[Opening Stored data section]

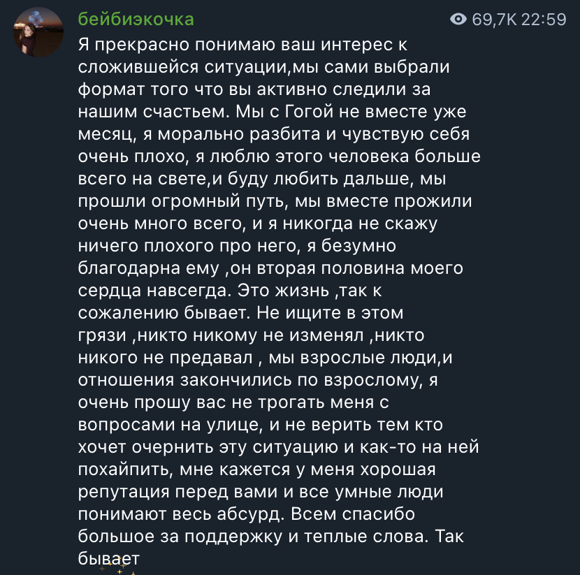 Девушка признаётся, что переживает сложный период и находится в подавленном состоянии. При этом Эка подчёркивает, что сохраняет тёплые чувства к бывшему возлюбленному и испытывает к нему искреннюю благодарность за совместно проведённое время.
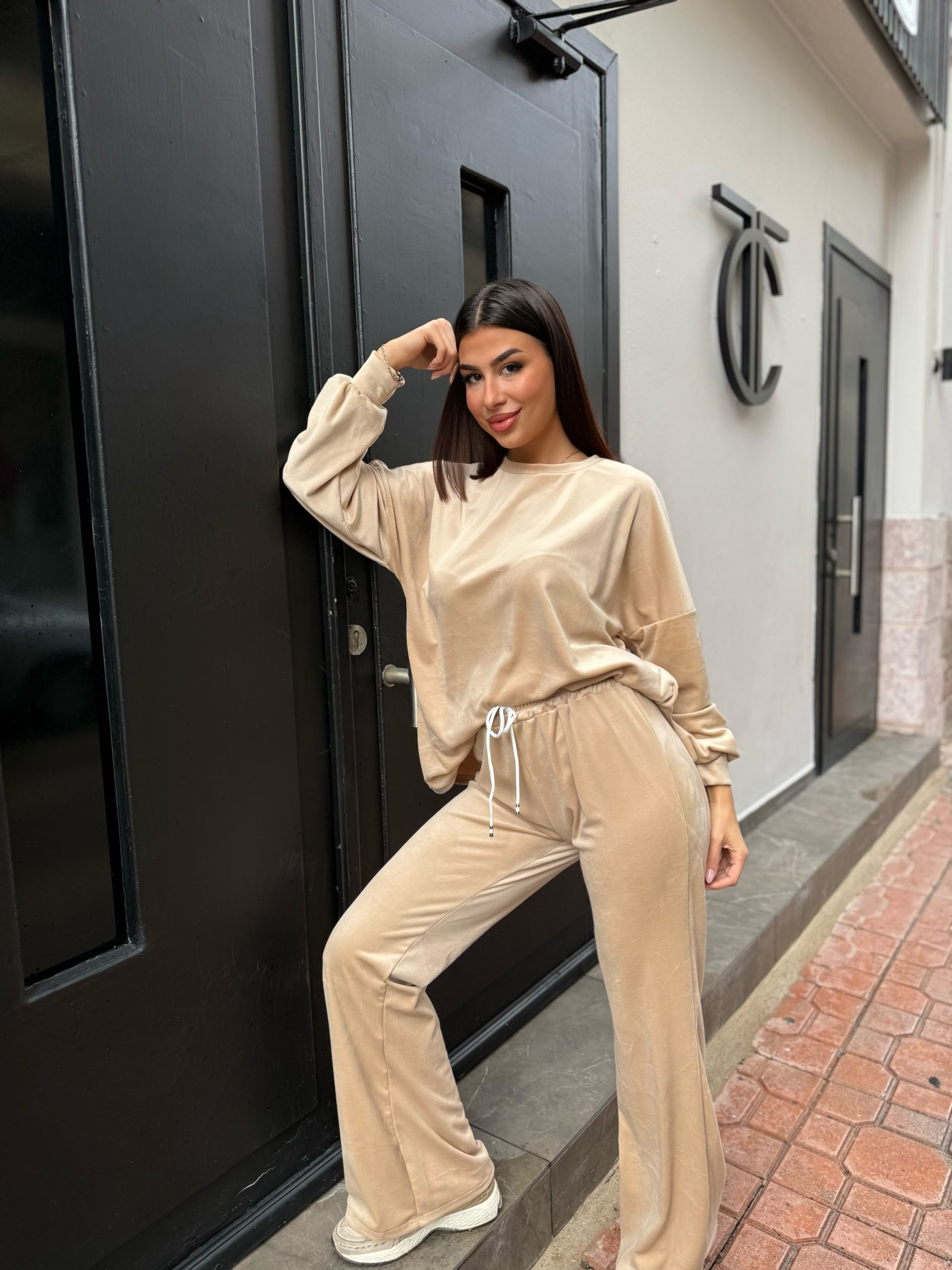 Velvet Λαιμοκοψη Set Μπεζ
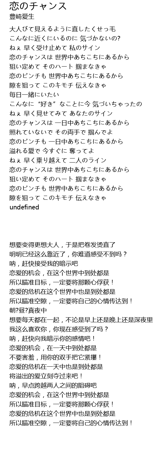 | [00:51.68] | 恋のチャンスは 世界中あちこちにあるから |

[Closing Stored data section]

• **Directions for this task**
Your copy should run from the line that has "Velvet Λαιμοκοψη Set Μπεζ" through the last line above, exactly, with both ends in and pictures out.

• **Task response**
 Velvet Λαιμοκοψη Set Μπεζ
 | [00:51.68] | 恋のチャンスは 世界中あちこちにあるから |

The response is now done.